A parrot competition

Pirates love putting their parrots into competitions. The following data represent results from two separate performance tasks given to five different parrots. In the first task, we measured how high the parrots could jump in centimeters (HIGHER scores are better). In the second task, we measured how many seconds it took for the parrots to fly around the ship 10 times (LOWER scores are better).

parrot jump fly
Sebastiaan 6.7 1085
Thekla 10.6 1081
Sarina 10.3 875
Gavin 13.7 725
Kuebra 8.9 1034
  1. Assign the data to appropriately named objects.
parrot <- c("Sebastian", "Thekla", "Sarina", "Gavin", "Kuebra")
jump <- c(6.7, 10.6, 10.3, 13.7, 8.9)
fly <- c(1085, 1081, 875, 725, 1034)
  1. Oops! We forgot to add the data for Seamus. Seamus jumped 11.2 centimeters and took 920 seconds to fly around the ship 10 times. Add Seamus’ data to the vectors.
parrot <- c(parrot, "Seamus")
jump <- c(jump, 11.2)
fly <- c(fly, 920)
  1. Which parrot did the best in the jumping task?
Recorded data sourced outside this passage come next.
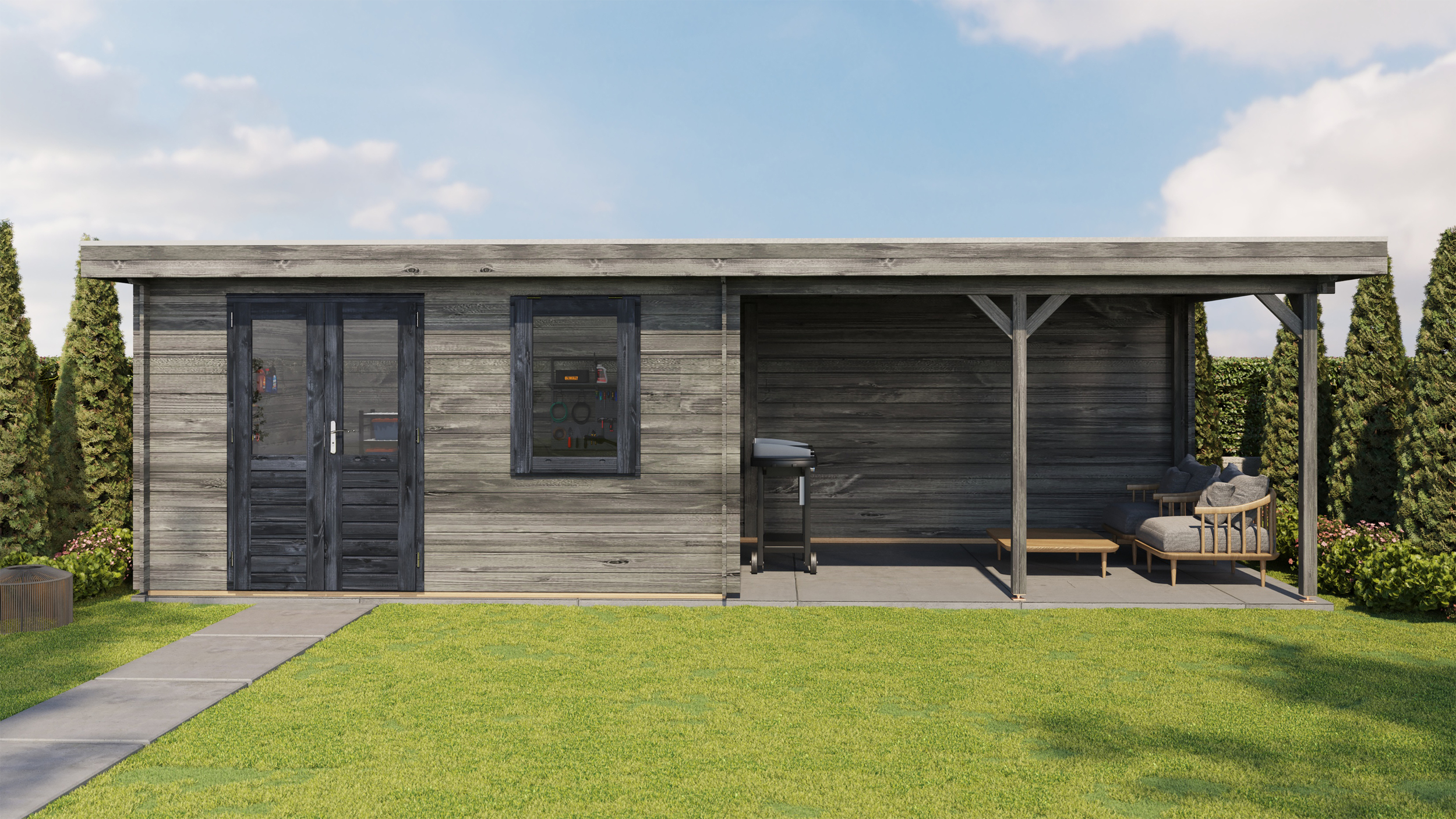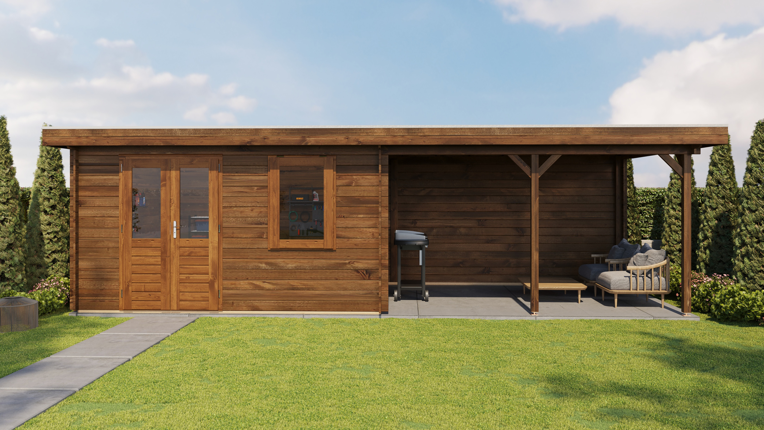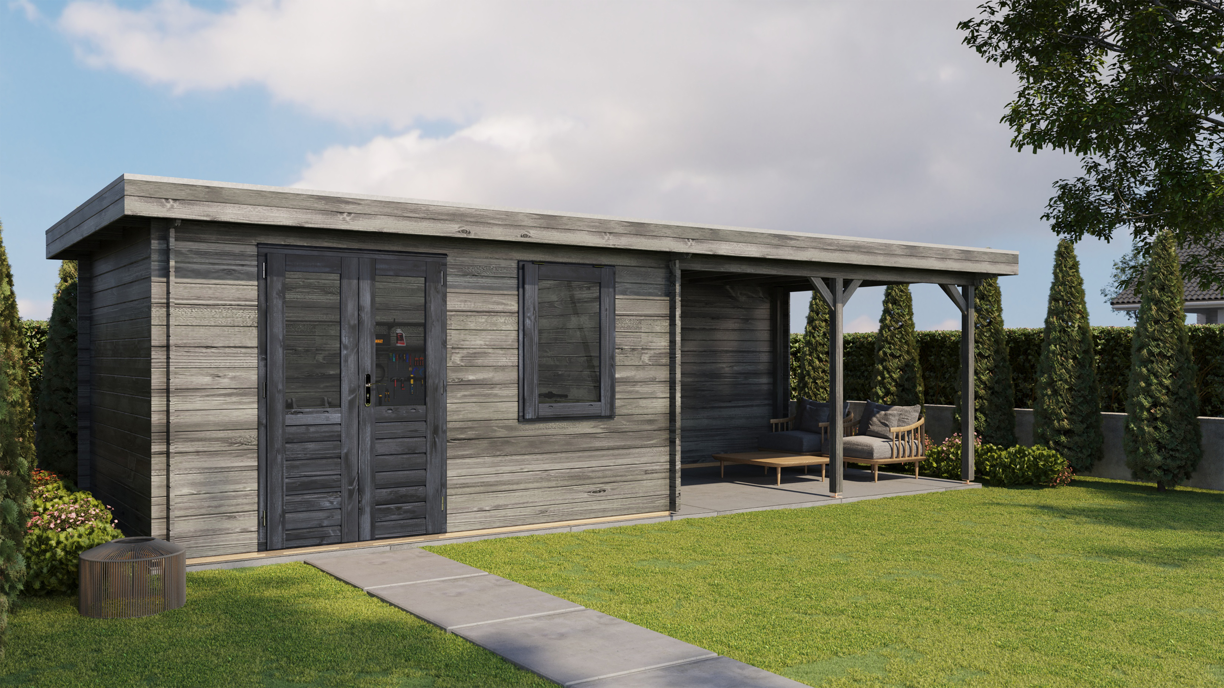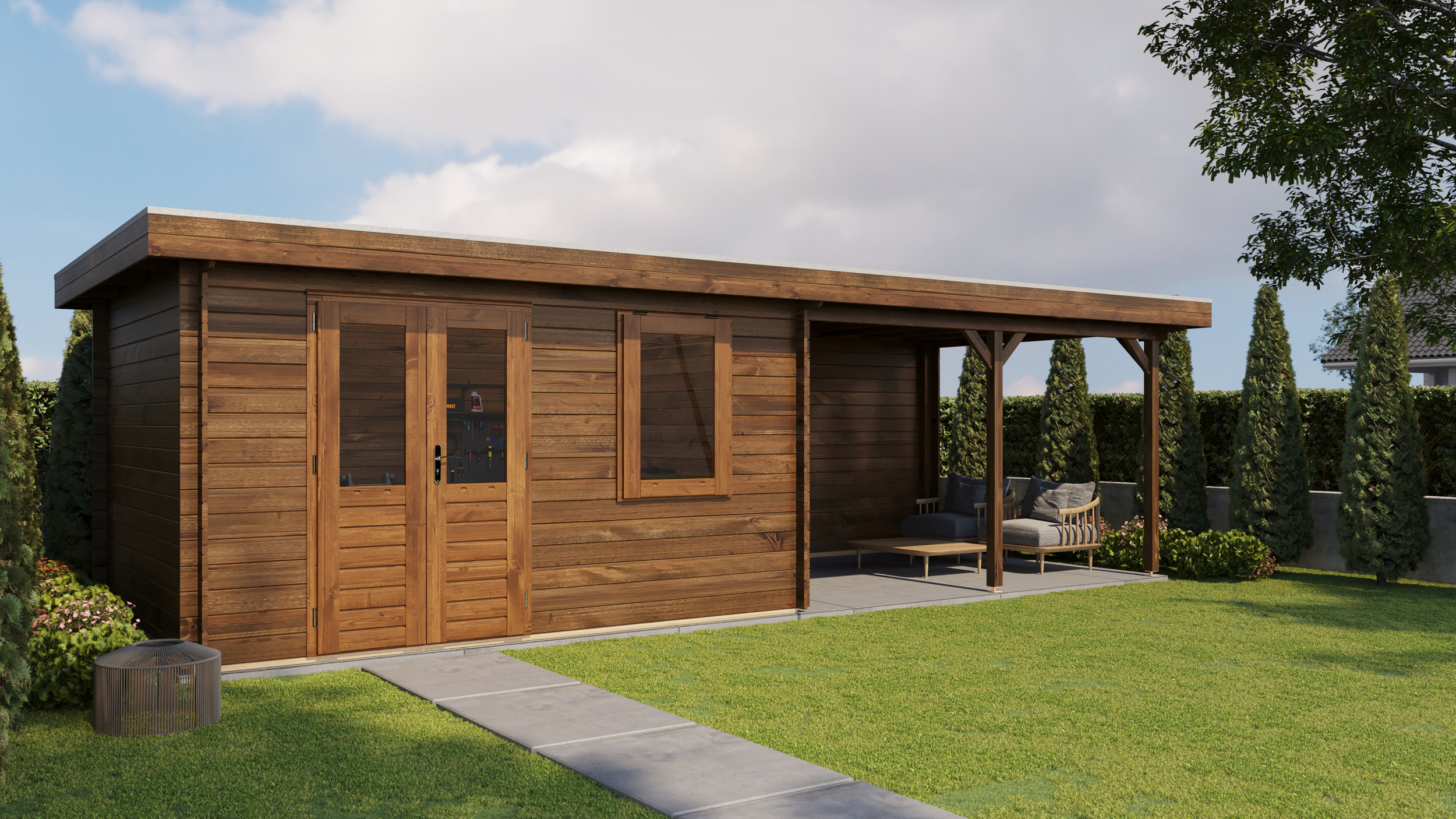 Classic Log Cabin with Veranda - Flat Roof - 28mm thick walls
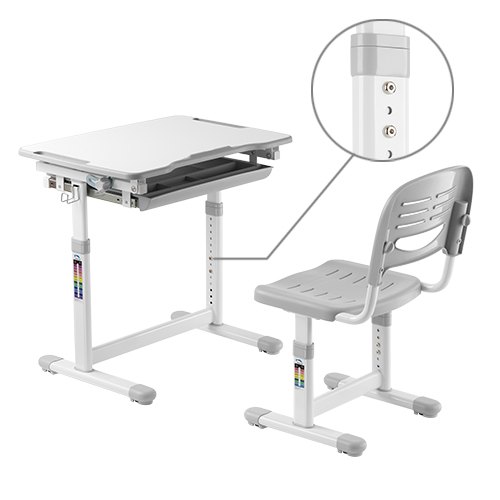 Screw-Locking Height Adjustable Kids Desk and Full-Backrest Chair Set
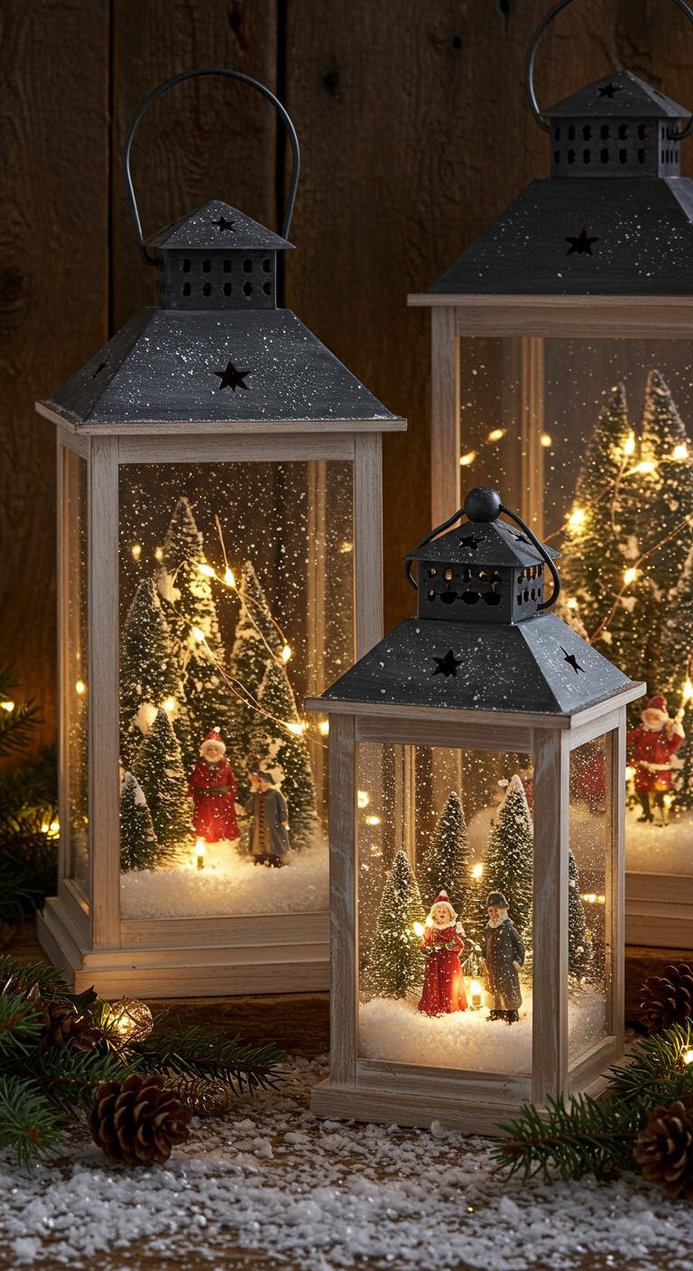 Old lanterns aren’t just for light — fill them with tiny holiday scenes! Think miniature trees, little figurines, and a sprinkle of faux snow. Add some mini lights for extra sparkle, then place these on tables, mantels, or window sills. This is a fantastic craft to do with kids; they’ll love designing their own tiny worlds and you’ll have keepsakes for years to come.
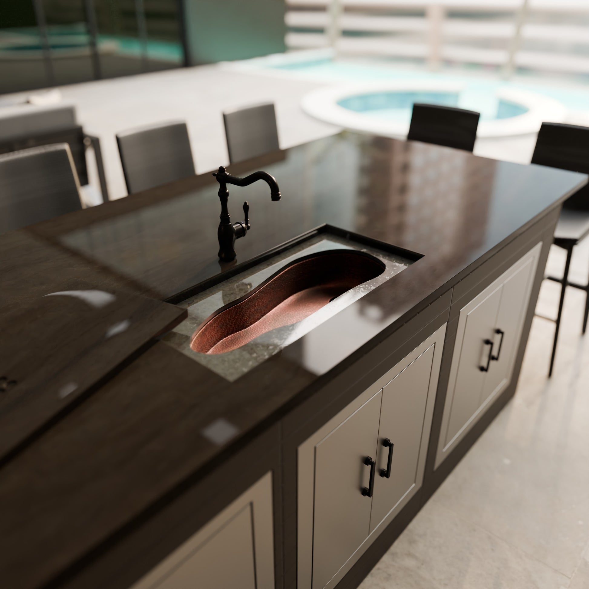 Cayenne River Hand-Hammered Copper Bar Sink, TCB-009AN
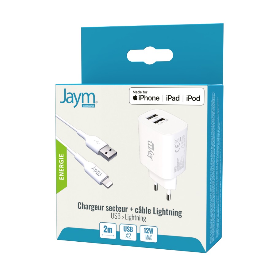 Pack chargeur secteur 2 USB-A 12W + câble USB-A vers Lightning MFI 2m – Blanc – Jaym®
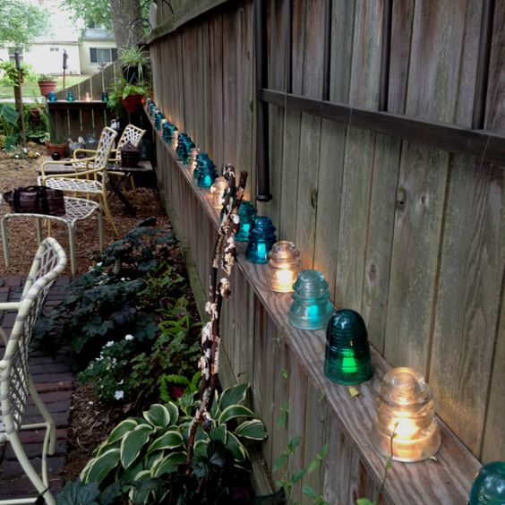12/ Disposez des petits luminaires avec isolateur sur votre clôture de jardin
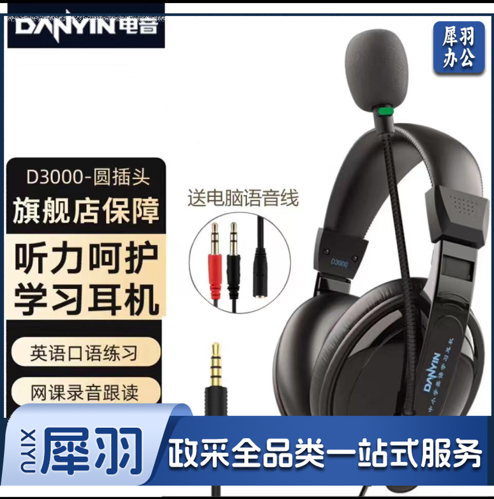 电音 D3000 USB 学生网课耳麦带话筒头戴式电脑耳机 教育耳机 中考高考听力听说口语训练专用耳麦
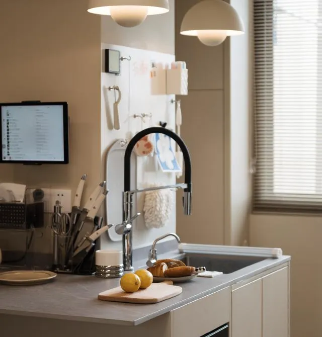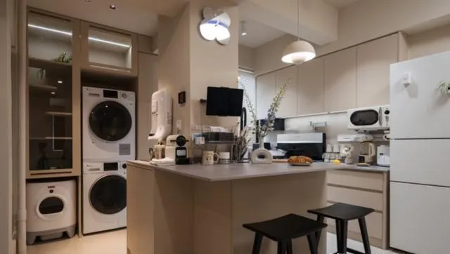 厨房、餐厅、家政、猫房合一的开放岛台设计,真的不能再妙了。承重柱做成“中岛”,围合感强,又方便动线,小小空间被榨干价值。岛台上放着早餐、咖啡机,还有优雅的小花束,看着就想多待一会。台面一侧的珐琅板实用又好擦,刀具餐具规整地挂着,啥都顺手。
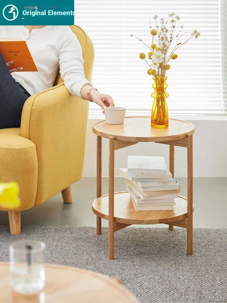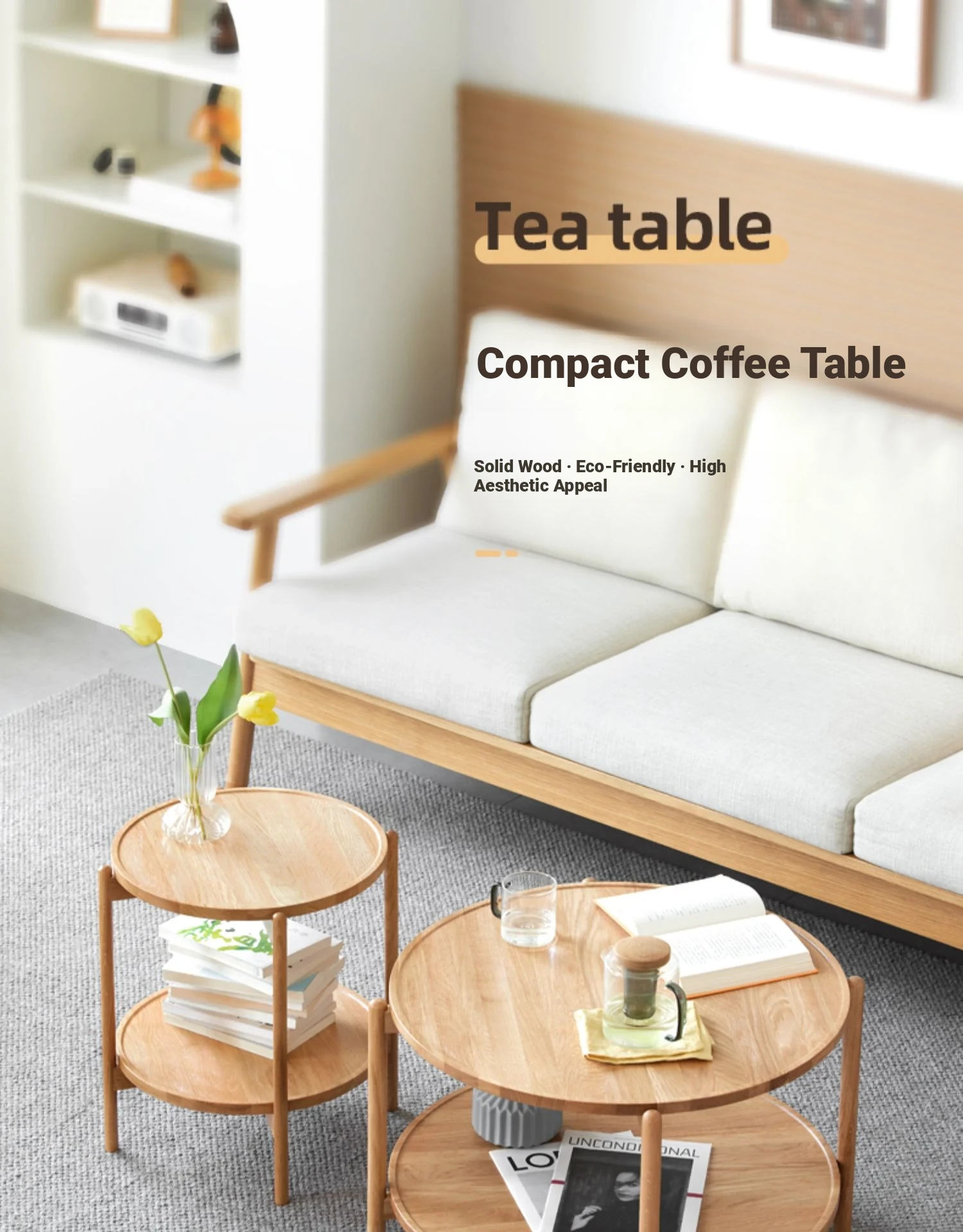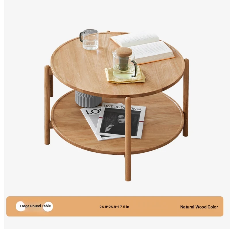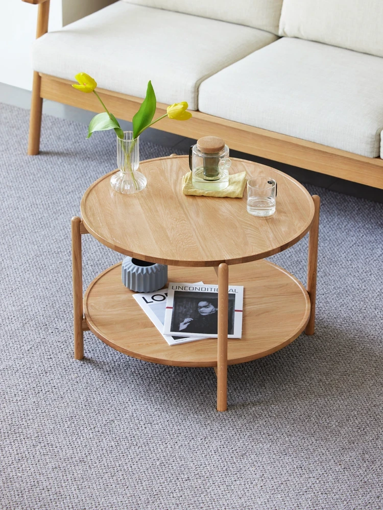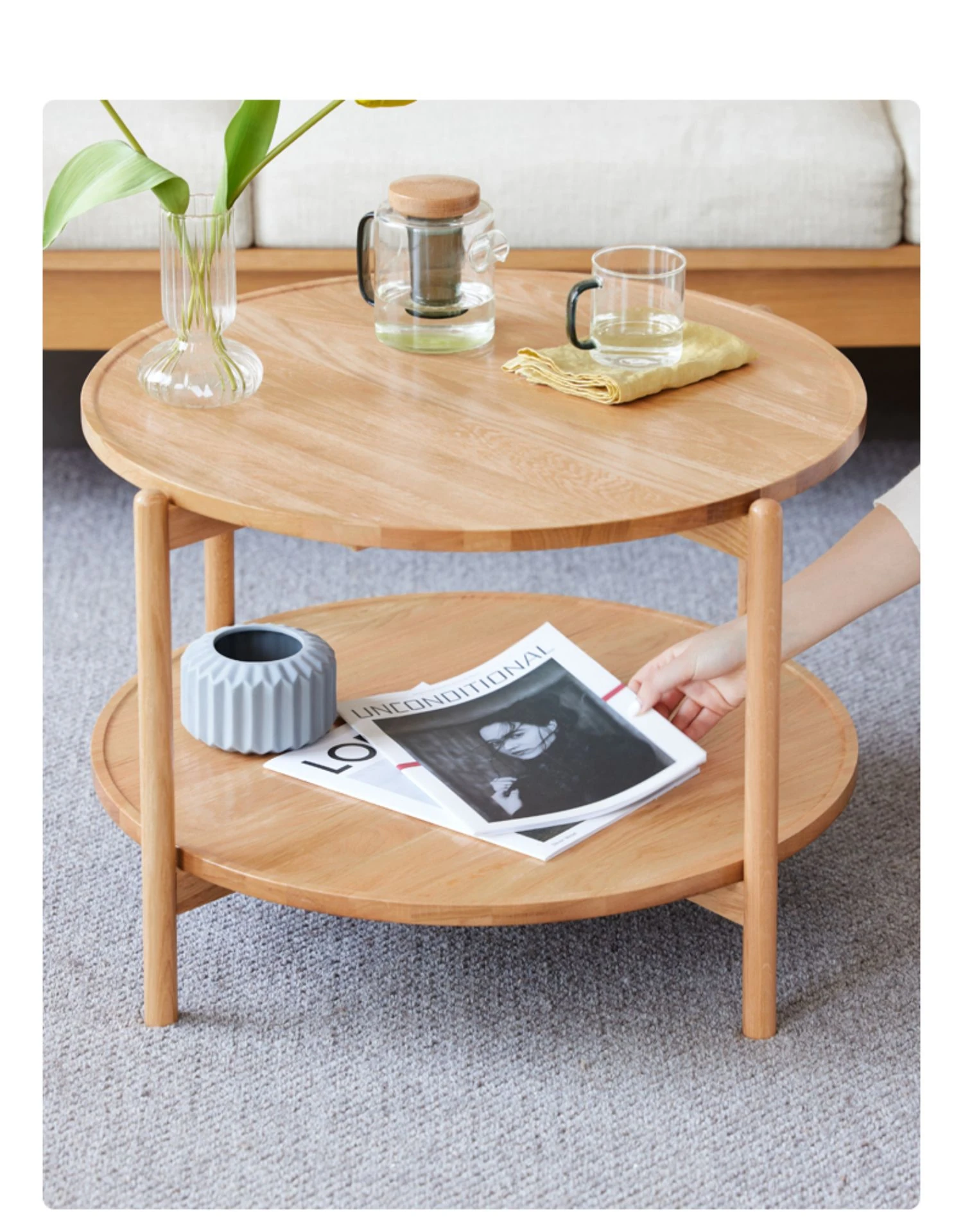 Original Element Solid Wood Coffee Table - Modern Minimalist Oak Double-Layer Round Coffee Table for Small Spaces - Versatile and Stylish Side Table for Compact Living Areas
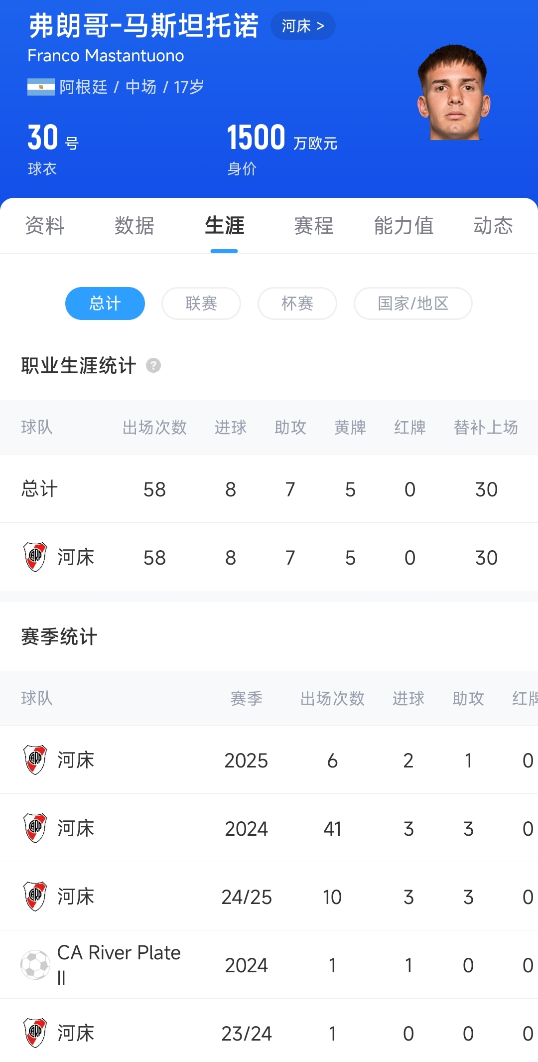 17岁的马斯坦托诺司职进攻型中场,目前身价1500万欧元,他与河床的合同将在2026年12月到期,马斯坦托诺已经代表阿根廷U20国家队出场过10次,打入2粒进球。

To answer this, just calculate the appropriate summary statistic and visually look at which parrot had this score.
max(jump)
## [1] 13.7
# It was the fourth parrot -- Gavin
  1. Which parrot did the best in the flying task? Don’t forget that lower scores are better!
min(fly)
## [1] 725
# It was the fourth parrot -- Gavin again!
  1. Without standardizing the variables, which parrot did the best on average across both tasks?
# Because larger values of fly are worse, I'll SUBTRACT
#  fly from jump to calculate an average score. The final
#  values might be negative, but I don't care -- I just
#  need to find the largest (i.e.; least negative) value.

(jump - fly) / 2
## [1] -539.15 -535.20 -432.35 -355.65 -512.55 -454.40
max((jump - fly)/ 2)
## [1] -355.65
# Gavin again!
  1. After standardizing the variables, which parrot did the best on average across both tasks?
# Standardize both variables
jump.z <- (jump - mean(jump)) / sd(jump)
fly.z <- (fly - mean(fly)) / sd(fly)


# Calculate the average z-score (and still subtract fly.z)
avg.z <- (jump.z - fly.z) / 2
avg.z
## [1] -1.2219468 -0.3740620  0.2918612  1.5502777 -0.5709077  0.3247776
# Which is the max?
max(avg.z)
## [1] 1.550278
# Still Gavin -- maybe this wasn't the most exciting example..

Random…

  1. What is the sum of the square root of every third integer between 1 and 578?
sum(seq(from = 1, to = 578, by = 3) ^ .5)
## [1] 3092.179
  1. What will the following code return after the third line?
a <- 50
a + 100
a

# It will return 50 because we didn't assign a again on the second line!